== Information provided

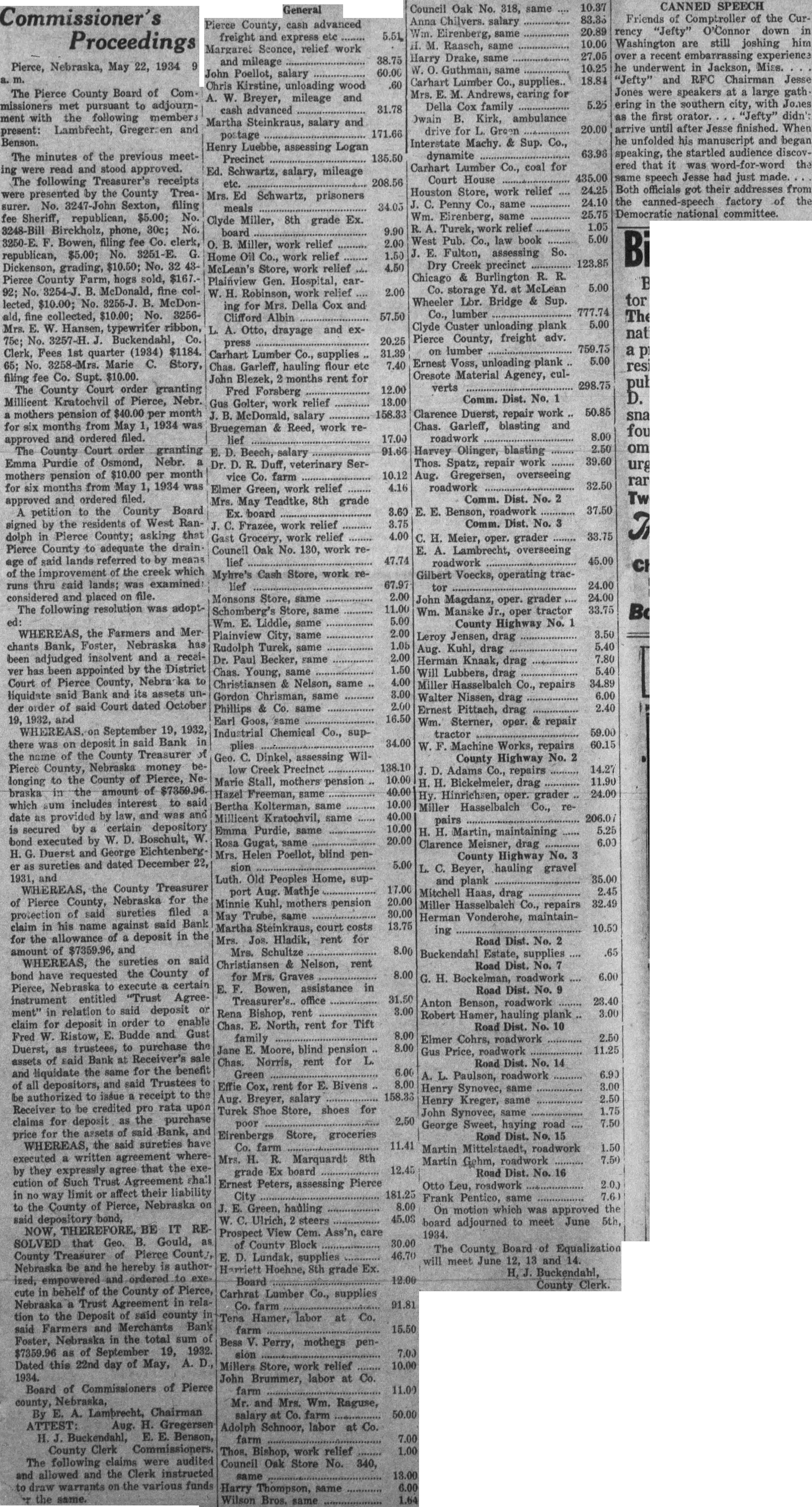 COMMISSIONERS' PROCEEDINGS Pierce, Nebr., May 22, 1934 The Pierce county board of commissioners met pursuant to adjourament with the following members present: Lambrecht, Gregersen and The minutes of the previous meeting were read and stood approved. The following treasurer's receipts were presented by the county treasurer. 3247-John Sexton, filing fee county sheriff, rep. $ 5.00 3248-Bill Birckholz, phone call .30 3249-Chas. Schlender, filing fee Co. Clk., rep. 5.00 3250-E. F. Bowen, filing fee Co. Clk., rep. 5.00 3251-E. G. Dickensen, grading 10.50 3252-Ed. Schwartz, filing fee Co. sheriff, dem. 5.00 3253-Pierce Co. Farm, hogs sold 167.92 10.00 3254-J. B. McDonald, fine collected 3255-J. B. McDonald, fine collected 10.00 3256-Mrs. E. W. Hansen, typewriter ribbon .75 3257-H. J. Buckendahl, Co. Clk., fees 1st quarter 1934 1184.65 3258-Mrs. Marie G. Story, filing fee, Co. Supt. 10.00 The county court order granting Millicent Kratochvil of Pierce, Nebraska, a mothers pension of $40 per month for six months from May 1, 1934, was approved and ordered filed. The county court order granting Emma Purdie of Osmond, Nebr., a mothers pension of $10.00 per month for six months from May 1, 1934, was approved and ordered filed. A petition to the county board signed by the residents of West Randolph in Pierce county asking that Pierce county make adequate the drainage of said lands referred to by means of the improvement of the creek which runs thru said lands was examined, considered and placed on file. The following resolution was adopted: WHEREAS, the Farmers & Merchants Bank, Foster, Nebr., has been adjudged insolvent and a receiver has been appointed by the district court of Pierce county, Nebraska, to liquidate said bank and its assets under order of said court dated October 19, 1932, and WHEREAS, on September 19, 1932 there was on deposit in said bank in the name of the county treasurer of Pierce county, Nebr., money belonging to the county of Pierce, Nebr., in the amount of $7,359.96, which sum includes interest to said date as provided by law, and was and is secured by a certain depository bond executed by W. D. Boschult, W. H. G. Duerst and George Eichberger as sureties and dated December 22, 1931 and WHEREAS, the county treasurer of Pierce county, Nebr., for the protection of said sureties filed a claim in his name against said bank for the allowance of a deposit in the amount of $7359.96, and WHEREAS, the sureties on said band have requested the county of Pierce, Nebr., to execute a certain instrument entitled "Trust Agreement" in relation to said deposit or claim for deposit in order to enable Fred W. Ristow, E. Budde and Gust Duerst, as trustees, to purchase the assets of said bank at Receiver's sale and liquidate the same for the benefit of all depositors, and said trustees to be authorized to issue a receipt to the Receiver to be credited pro rata upon claims for deposit as the purchase price for the assets of said bank, and WHEREAS, the said sureties have executed a written agreement whereby they expressly agree that the execution of such trust agreement shall in no way limit or affect their liability to the county of Pierce, Nebr., on said depository bond, NOW, THEREFORE, BE IT RESOLVED that Geo. B. Gould, as Co. Treasurer of Pierce county, Nebarska, be and he hereby is authorized, empowered and ordered to execute in behalf of the County of Pierce, Nebraska, a trust agreement in relation to the deposit of said county in said Farmers and Merchants Bank, Foster, Nebraska, in the total sum of $7359.96 as of September 19, 1932. Dated this 22nd day of May, A. D., 1934. ATTEST: H. J. Buckendahl, Co. Clk. BOARD OF COMMISSIONERS OF PIERCE COUNTY, NEBRASKA. By Lambrecht, Chairman Aug. Gregersen E. E. Benson, Commissioners. The following claims were audited and allowed and the clerk instructed to draw warrants on the various funds for the same. GENERAL Pierce Co., cash adv, frt. 5.51 Margaret Sconce, relief work and mileage 38.75 John Poellot, salary 60.00 Chris Kirstine, unloading wood .60 A. W. Breyer, mileage and cash advanced 31.78 Martha Steinkraus, salary and postage 171.66 Henry Luebbe, assessing Logan precinct 135.50 Ed. Schwartz, salary, mileage, etc. 208.56 Mrs. Ed. Schwartz, prisoners' meals 34.05 Clyde Miller, 8th grade exam. board 9.90 O. B. Miller, work relief 2.00 Home Oil Co., work relief 1.50 W. H. Robinson, work relief 2.00 McLean's Store, work relief 4.50 Plainview Gen. Hospital, caring for Mrs. Della Cox and Clifford Albin 57.50 L. A. Otto, drayage and express 20.25 Carhart Lumber Co., supplies 31.39 Chas. Garleff, hauling flour etc. 7.40 John Blezek, 2 mo. rent for Fred Forsberg 12.00 Gus Golter, work relief 13.00 J. B. McDonald, salary 158.33 Bruegman & Reed, work relief 17.00 E. D. Beech, salary 91.66 Dr. D. R. Duff, veterinary service at Co. farm 10.12 Elmer Green, work relief 4.16 Mrs. May Teadtke, 8th grade exam. board 3.60 J. C. Frazee, work relief 3.75 Gast Grocery, work relief 4.00 Council Oak No. 310, work relief 47.74 Myhre's Cash Store, work relief 67.97 Monson's Store, same 2.00 Schomberg,s Store, same 11.00 Wm. E. Liddle, same 5.00 Plainview City, same 2.00 Rudolph Turek, same 1.05 Dr. Paul Becker, same 2.00 Chas. Young, same 1.50 Christiansen & Nelson, same 4.00 Gordon Chrisman, same 3.00 Phillips & Co., same 2.00 Earl Goos, same 16.50 Industrial Chemical Co., supplies 34.00 Geo. C. Dinkel, assessing Willow Creek precinct 138.10 Marie Stall, mothers pension 10.00 Hazel Freeman, same 40.00 Bertha Kolterman, same 10.00 Millicent Kratochvil, same 40.00 Emma Purdie, same 10.00 Rosa Gugat, same 20.00 Mrs. Helen Poellot, blind pension 5.00 Luth. Old Peoples Home, support Aug. Mathje 17.00 Minnie Kuhl, mothers pension 20.00 May Trube, same 30.00 Martha Steinkraus, court costs 13.75 Mrs. Jos. Hladik, rent for Mrs. Schultze 8.00 Christiansen & Nelson, rent for Graves 8.00 E. F. Bowen, assistance in treasurer's office 31.50 Rena Bishop, rent 3.00 Chas. E. North, rent f
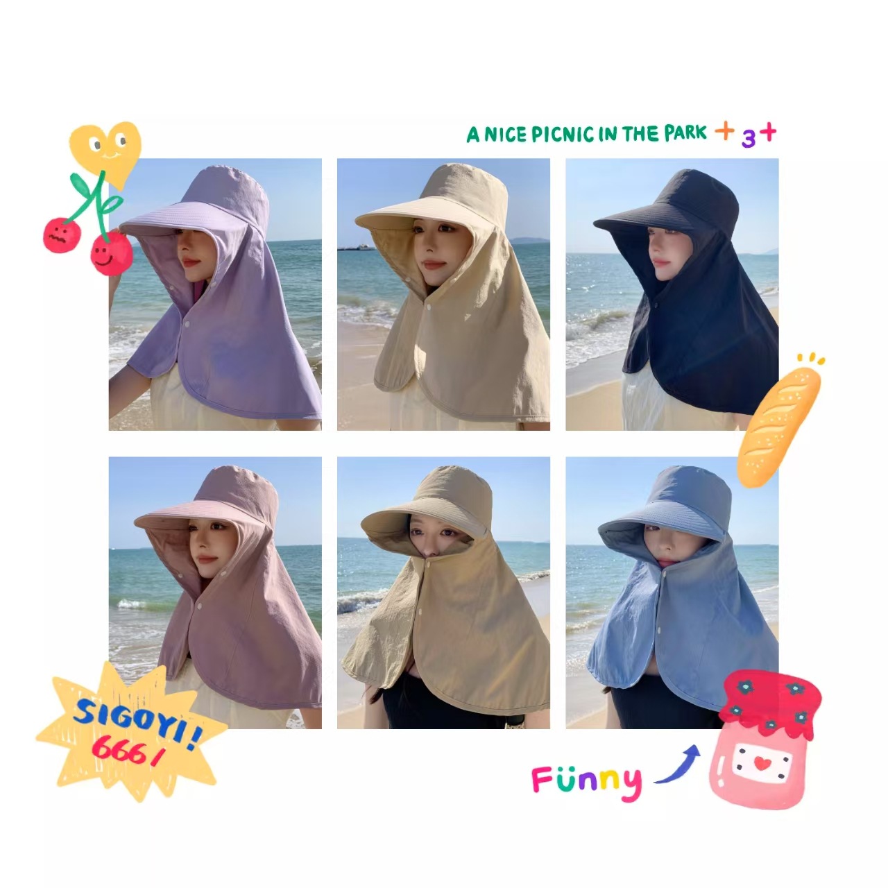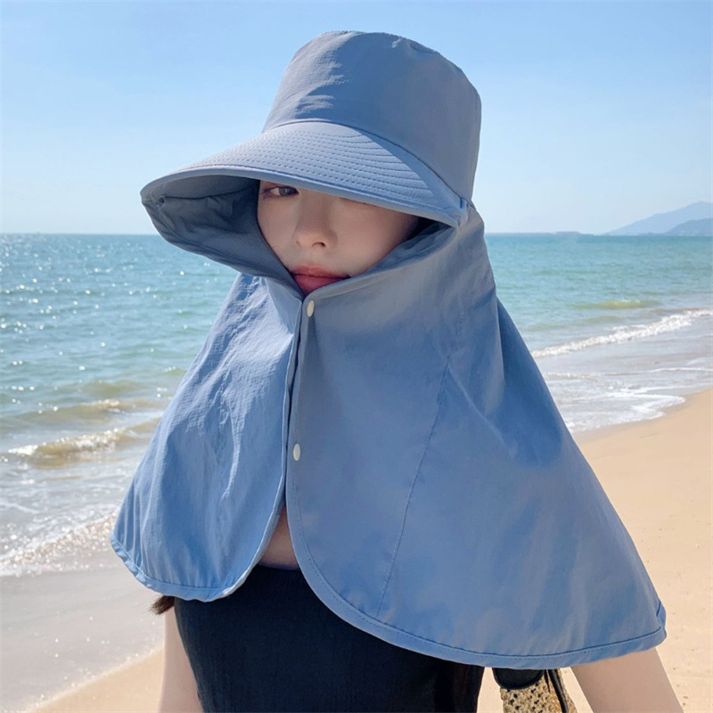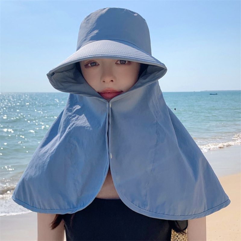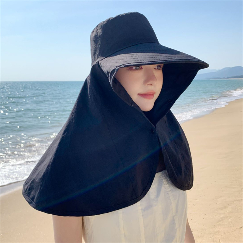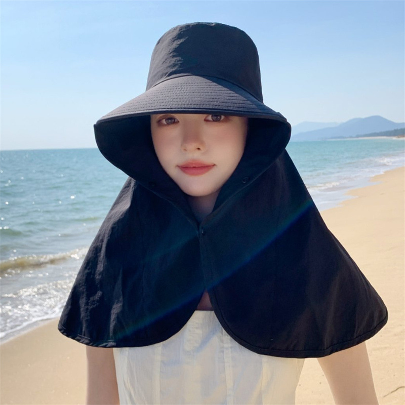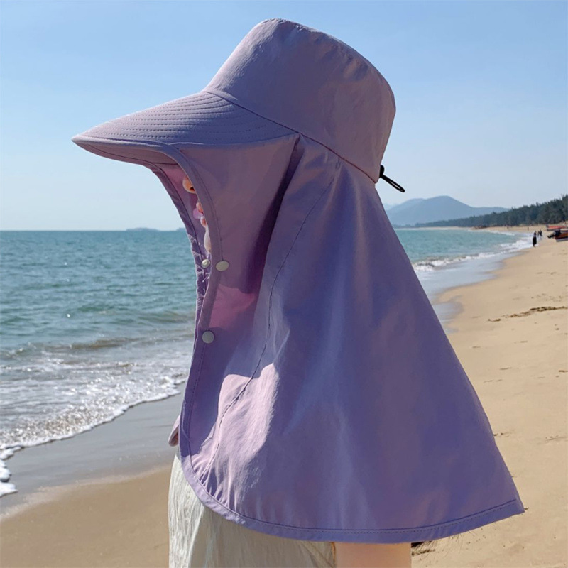 큰 목도리 선스크린 태양 모자 여름 여성의 통합 태양 모자 야외 대형 브림 UV 보호 승마 모자
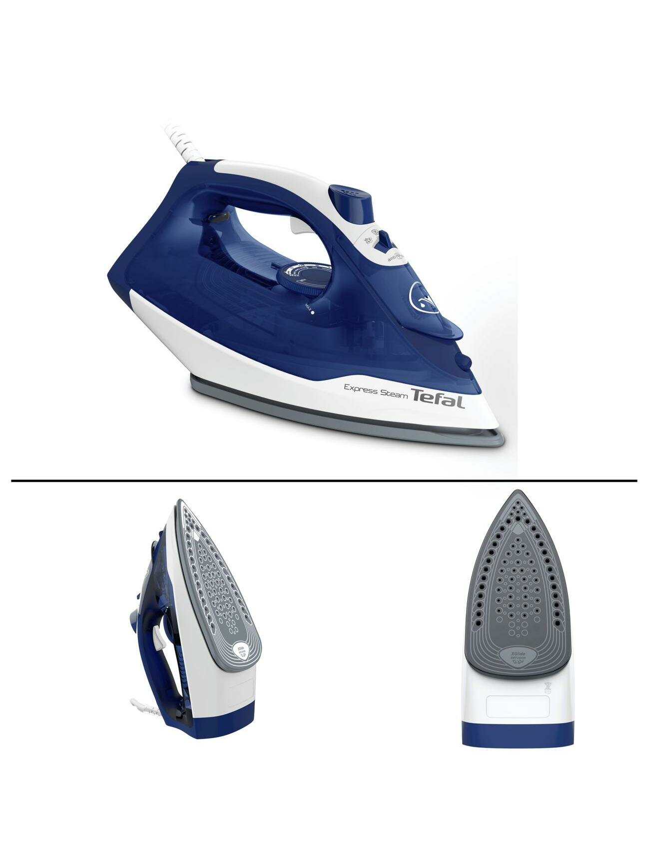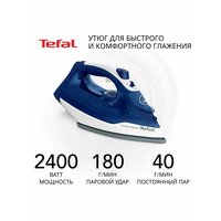 Утюг паровой Tefal Express Steam FV2838E0. Утюг Express Steam создан для быстрого и комфортного глажения и показывает долгую и надежную службу. Благодаря мощности 2400 Вт утюг создает паровой удар 180 г/мин и помогает справиться со стойкими складками в два счета. Утюг оснащен гладкой керамической подошвой и большим резервуаром для воды, которые гарантируют комфортное использование каждый раз. Постоянный пар до 40 г/ мин для быстрого и эффективного ухода за одеждой и безупречного результата. Резервуар для воды объемом 270 мл имеет широкое отверстие для комфортного наполнения. Подошва выполнена в особом дизайне: керамическое покрытие и мягкие края гарантируют легкое и плавное скольжение. Система «Капля-стоп» предотвращает образование грязных пятен на тканях, сохраняя вещи чистыми во время глажения.

====

- [Exercise instructions]:
Reproduce the material word for word, but without its images.

- [Response below]:
 COMMISSIONERS' PROCEEDINGS Pierce, Nebr., May 22, 1934 The Pierce county board of commissioners met pursuant to adjourament with the following members present: Lambrecht, Gregersen and The minutes of the previous meeting were read and stood approved. The following treasurer's receipts were presented by the county treasurer. 3247-John Sexton, filing fee county sheriff, rep. $ 5.00 3248-Bill Birckholz, phone call .30 3249-Chas. Schlender, filing fee Co. Clk., rep. 5.00 3250-E. F. Bowen, filing fee Co. Clk., rep. 5.00 3251-E. G. Dickensen, grading 10.50 3252-Ed. Schwartz, filing fee Co. sheriff, dem. 5.00 3253-Pierce Co. Farm, hogs sold 167.92 10.00 3254-J. B. McDonald, fine collected 3255-J. B. McDonald, fine collected 10.00 3256-Mrs. E. W. Hansen, typewriter ribbon .75 3257-H. J. Buckendahl, Co. Clk., fees 1st quarter 1934 1184.65 3258-Mrs. Marie G. Story, filing fee, Co. Supt. 10.00 The county court order granting Millicent Kratochvil of Pierce, Nebraska, a mothers pension of $40 per month for six months from May 1, 1934, was approved and ordered filed. The county court order granting Emma Purdie of Osmond, Nebr., a mothers pension of $10.00 per month for six months from May 1, 1934, was approved and ordered filed. A petition to the county board signed by the residents of West Randolph in Pierce county asking that Pierce county make adequate the drainage of said lands referred to by means of the improvement of the creek which runs thru said lands was examined, considered and placed on file. The following resolution was adopted: WHEREAS, the Farmers & Merchants Bank, Foster, Nebr., has been adjudged insolvent and a receiver has been appointed by the district court of Pierce county, Nebraska, to liquidate said bank and its assets under order of said court dated October 19, 1932, and WHEREAS, on September 19, 1932 there was on deposit in said bank in the name of the county treasurer of Pierce county, Nebr., money belonging to the county of Pierce, Nebr., in the amount of $7,359.96, which sum includes interest to said date as provided by law, and was and is secured by a certain depository bond executed by W. D. Boschult, W. H. G. Duerst and George Eichberger as sureties and dated December 22, 1931 and WHEREAS, the county treasurer of Pierce county, Nebr., for the protection of said sureties filed a claim in his name against said bank for the allowance of a deposit in the amount of $7359.96, and WHEREAS, the sureties on said band have requested the county of Pierce, Nebr., to execute a certain instrument entitled "Trust Agreement" in relation to said deposit or claim for deposit in order to enable Fred W. Ristow, E. Budde and Gust Duerst, as trustees, to purchase the assets of said bank at Receiver's sale and liquidate the same for the benefit of all depositors, and said trustees to be authorized to issue a receipt to the Receiver to be credited pro rata upon claims for deposit as the purchase price for the assets of said bank, and WHEREAS, the said sureties have executed a written agreement whereby they expressly agree that the execution of such trust agreement shall in no way limit or affect their liability to the county of Pierce, Nebr., on said depository bond, NOW, THEREFORE, BE IT RESOLVED that Geo. B. Gould, as Co. Treasurer of Pierce county, Nebarska, be and he hereby is authorized, empowered and ordered to execute in behalf of the County of Pierce, Nebraska, a trust agreement in relation to the deposit of said county in said Farmers and Merchants Bank, Foster, Nebraska, in the total sum of $7359.96 as of September 19, 1932. Dated this 22nd day of May, A. D., 1934. ATTEST: H. J. Buckendahl, Co. Clk. BOARD OF COMMISSIONERS OF PIERCE COUNTY, NEBRASKA. By Lambrecht, Chairman Aug. Gregersen E. E. Benson, Commissioners. The following claims were audited and allowed and the clerk instructed to draw warrants on the various funds for the same. GENERAL Pierce Co., cash adv, frt. 5.51 Margaret Sconce, relief work and mileage 38.75 John Poellot, salary 60.00 Chris Kirstine, unloading wood .60 A. W. Breyer, mileage and cash advanced 31.78 Martha Steinkraus, salary and postage 171.66 Henry Luebbe, assessing Logan precinct 135.50 Ed. Schwartz, salary, mileage, etc. 208.56 Mrs. Ed. Schwartz, prisoners' meals 34.05 Clyde Miller, 8th grade exam. board 9.90 O. B. Miller, work relief 2.00 Home Oil Co., work relief 1.50 W. H. Robinson, work relief 2.00 McLean's Store, work relief 4.50 Plainview Gen. Hospital, caring for Mrs. Della Cox and Clifford Albin 57.50 L. A. Otto, drayage and express 20.25 Carhart Lumber Co., supplies 31.39 Chas. Garleff, hauling flour etc. 7.40 John Blezek, 2 mo. rent for Fred Forsberg 12.00 Gus Golter, work relief 13.00 J. B. McDonald, salary 158.33 Bruegman & Reed, work relief 17.00 E. D. Beech, salary 91.66 Dr. D. R. Duff, veterinary service at Co. farm 10.12 Elmer Green, work relief 4.16 Mrs. May Teadtke, 8th grade exam. board 3.60 J. C. Frazee, work relief 3.75 Gast Grocery, work relief 4.00 Council Oak No. 310, work relief 47.74 Myhre's Cash Store, work relief 67.97 Monson's Store, same 2.00 Schomberg,s Store, same 11.00 Wm. E. Liddle, same 5.00 Plainview City, same 2.00 Rudolph Turek, same 1.05 Dr. Paul Becker, same 2.00 Chas. Young, same 1.50 Christiansen & Nelson, same 4.00 Gordon Chrisman, same 3.00 Phillips & Co., same 2.00 Earl Goos, same 16.50 Industrial Chemical Co., supplies 34.00 Geo. C. Dinkel, assessing Willow Creek precinct 138.10 Marie Stall, mothers pension 10.00 Hazel Freeman, same 40.00 Bertha Kolterman, same 10.00 Millicent Kratochvil, same 40.00 Emma Purdie, same 10.00 Rosa Gugat, same 20.00 Mrs. Helen Poellot, blind pension 5.00 Luth. Old Peoples Home, support Aug. Mathje 17.00 Minnie Kuhl, mothers pension 20.00 May Trube, same 30.00 Martha Steinkraus, court costs 13.75 Mrs. Jos. Hladik, rent for Mrs. Schultze 8.00 Christiansen & Nelson, rent for Graves 8.00 E. F. Bowen, assistance in treasurer's office 31.50 Rena Bishop, rent 3.00 Chas. E. North, rent f
 큰 목도리 선스크린 태양 모자 여름 여성의 통합 태양 모자 야외 대형 브림 UV 보호 승마 모자
 Утюг паровой Tefal Express Steam FV2838E0. Утюг Express Steam создан для быстрого и комфортного глажения и показывает долгую и надежную службу. Благодаря мощности 2400 Вт утюг создает паровой удар 180 г/мин и помогает справиться со стойкими складками в два счета. Утюг оснащен гладкой керамической подошвой и большим резервуаром для воды, которые гарантируют комфортное использование каждый раз. Постоянный пар до 40 г/ мин для быстрого и эффективного ухода за одеждой и безупречного результата. Резервуар для воды объемом 270 мл имеет широкое отверстие для комфортного наполнения. Подошва выполнена в особом дизайне: керамическое покрытие и мягкие края гарантируют легкое и плавное скольжение. Система «Капля-стоп» предотвращает образование грязных пятен на тканях, сохраняя вещи чистыми во время глажения.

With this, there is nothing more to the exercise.